La legislación y las normativas rigurosas de Chile requieren que se determine con precisión el origen de cualquier fallo en la cadena logística, en concreto en lo relacionado con las pruebas sobre casos de garantía de productos. Las auditorías rigurosas aumentan la presión sobre los transportistas ya que los fabricantes y los productores intentan de forma constante imponer controles de calidad más estrictos durante el movimiento y el almacenamiento de mercancías y cierran las lagunas entre la producción y el comercio de manera más eficaz que antes. Las normas de seguridad relativas a higiene, el seguimiento de los lotes y la documentación son objeto de un control muy riguroso. En el caso de los productos de alimentación, la trazabilidad es total.
El control de plagas es un componente crítico y a menudo subestimado de la logística y distribución. En este sector, que maneja grandes volúmenes de productos a través de una compleja cadena de suministro (almacenes, centros de distribución, vehículos de transporte), la presencia de plagas no solo implica un problema de higiene, sino una amenaza directa a la integridad de la mercancía, el cumplimiento normativo y la eficiencia operativa.

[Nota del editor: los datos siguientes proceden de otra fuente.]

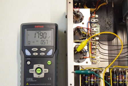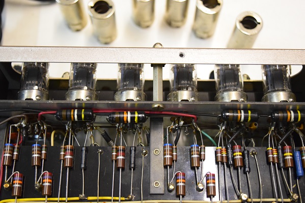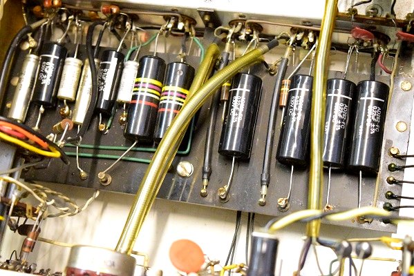 裏面です。左下の黄色いコンデンサーも今回交換しました。純正SPRAGUEのNOS品です。S/N 10500〜12000番台辺りまで付いている音の良いものです。この他、低域のNFBの値を決める抵抗も正確な物に交換しています。
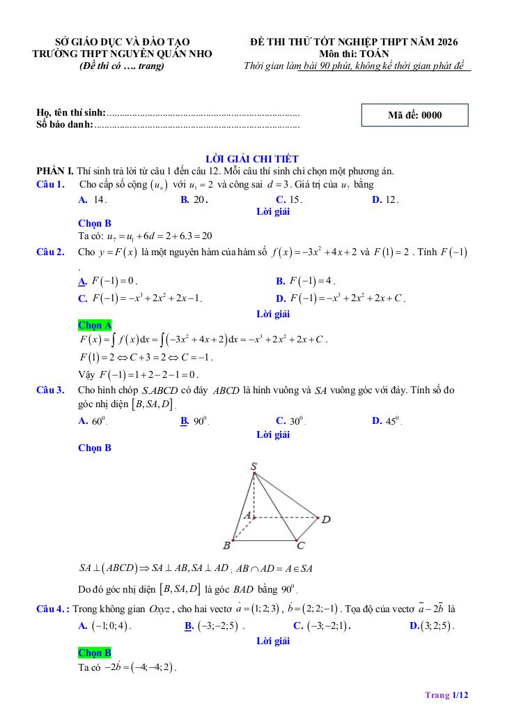 Giải Toán đề kscl toán 12 thi tn thpt 2026 lần 1 trường thpt nguyễn quán nho – thanh hóa với Đáp Án Mới Nhất
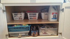 I usually do an overall expiration date check on all meds in the house after the new year and I did not get to it yet so that'll be part of this process. Also, beauty products, shampoos, etc. My approach will be to take everything out completely clean the inside of the vanity from any drips, reline them, and organize the stuff into some old tupperwares (I have a bag full of mismatched bins from when I clean out my my Tupperware drawer) and put them back in the vanities. I'll check expiration dates if they have one, wipe & clean the bottles and toss anything that's old or doesn't smell right anymore.

Una infestación puede tener consecuencias devastadoras que van más allá del daño físico a los productos:
Daño Físico y Pérdida de Inventario: Roedores (ratas y ratones) e insectos (gorgojos, polillas, cucarachas) causan daños directos al consumir o contaminar alimentos, piensos, y al roer embalajes y estructuras. Esto resulta en el descarte total de lotes y grandes pérdidas económicas.

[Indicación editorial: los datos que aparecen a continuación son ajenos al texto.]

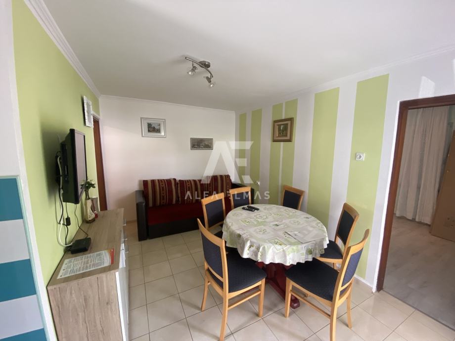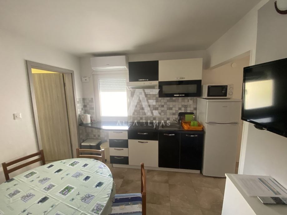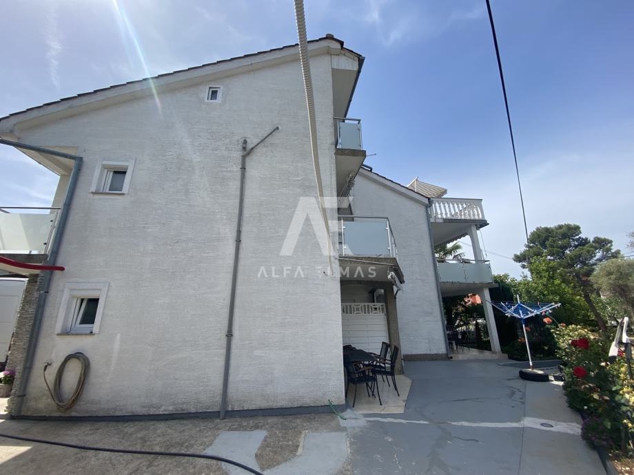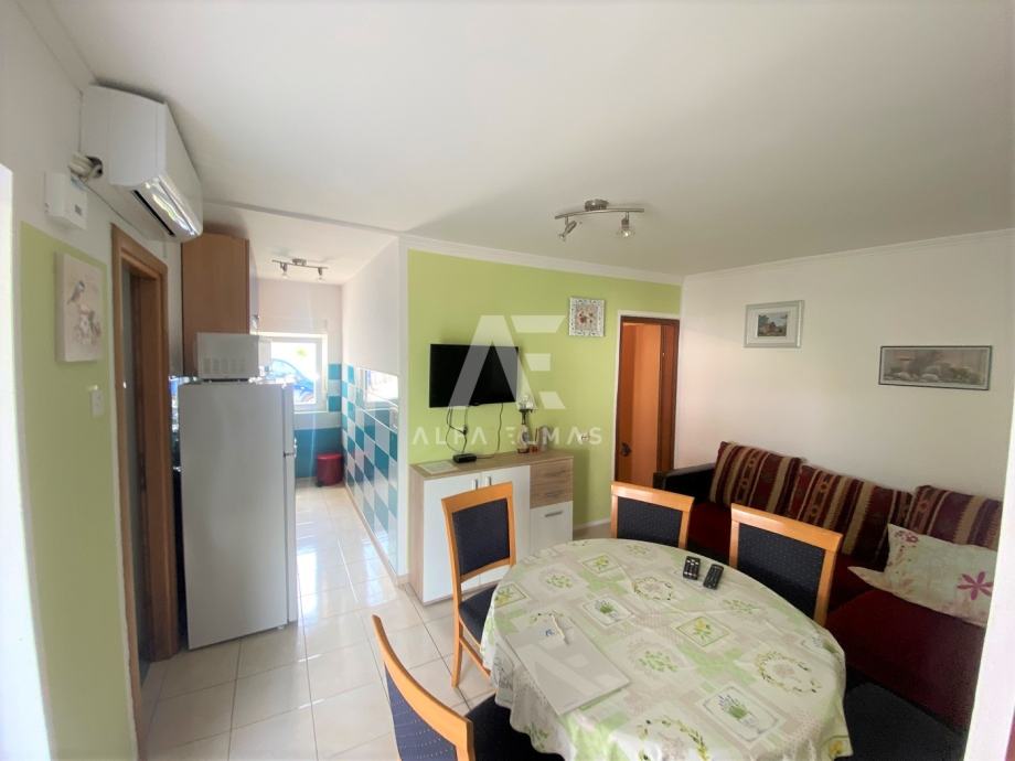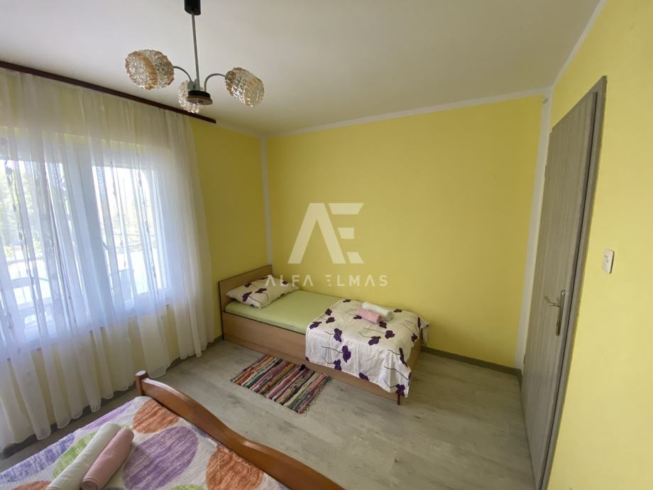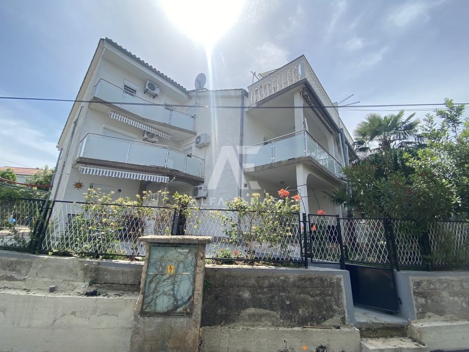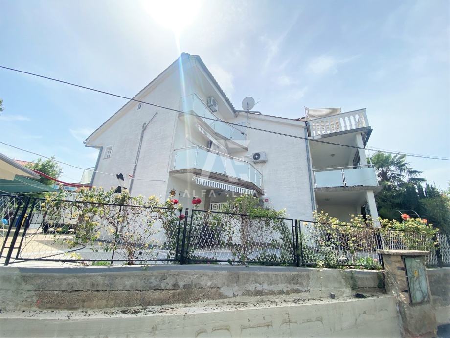 Malinska, okolica, dvojna kuća sa 5 apartmana, udaljena samo 600m od plaža. Dvojna kuća se nalazi u okolici Malinske, ukupne neto stambene površine 220m2, te se sastoji od dva kata. U prizemlju se nalazi studio sa jednom spavaćom sobom, kupaonicom i kuhinjom. Na prvome se katu nalaze dva dvosobna apartmana, od kojih svaki ima izlaz na balkon sa kojega se pruža prekrasan panoramski pogled na more i zeleni pojas. Na drugom se katu također nalaze dva apartmana, od kojih svaki ima svoju natkrivenu terasu na pogledom na more. U sklopu okućnice nalazi se natkriveno parkirno mjesto za 3 vozila, te dva nenatkrivena parkirna mjesta. Dvojna kuća sadrži i ljetnu kuhinju sa vlastitim WC-om. Ukupno sadrži 7 spavaćih soba, 5 kuhinja te 5 kupaonica. U svakom se apartmanu nalaze klima uređaji. Dokumentacija uredna.
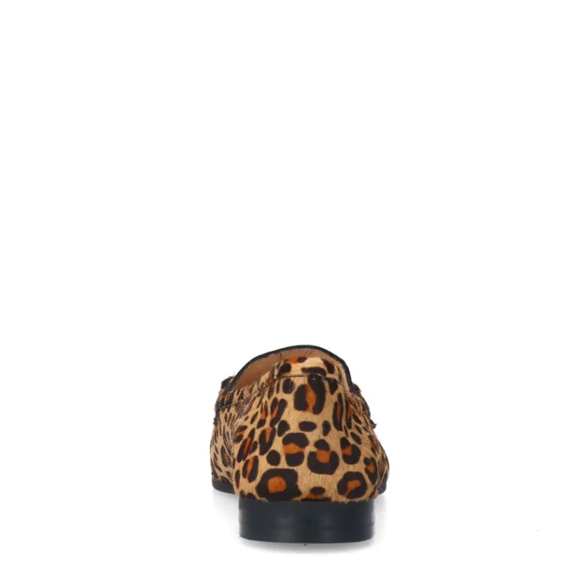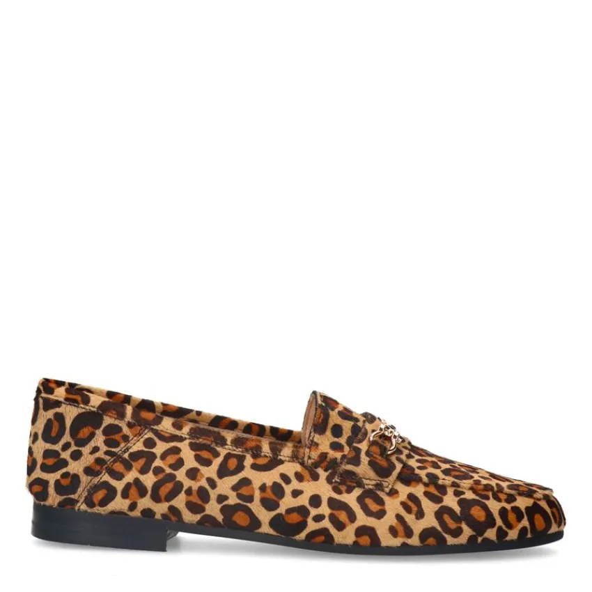 Panter loafers van Manfield met gouden detail op de voorvoet, platte hak van 2 cm en imitatievacht. We adviseren als verzorging en bescherming de Natural Trendspray.

Contaminación y Riesgo Biológico: Las plagas son vectores de agentes patógenos (bacterias, virus). En la distribución de alimentos, productos farmacéuticos o cosméticos, esto genera un riesgo directo de contaminación cruzada inaceptable para la salud pública y un incumplimiento de la inocuidad alimentaria.
Compromiso de la Infraestructura: Roedores pueden dañar el cableado eléctrico y los sistemas de alarma e iluminación, provocando cortocircuitos (riesgo de incendio) e interrupciones operativas críticas en los centros de distribución.
Incumplimiento Normativo y Auditorías: Las normativas de calidad y seguridad (como HACCP, ISO 22000, o las exigencias de clientes minoristas) requieren un programa de Manejo Integrado de Plagas (MIP) documentado y validado. Fallar en esto puede resultar en sanciones, multas o la pérdida de la licencia de operación.
Impacto en la Reputación: Un cliente que recibe un producto dañado o contaminado por plagas puede generar una crisis de imagen de marca y la pérdida de la confianza del consumidor y socios comerciales.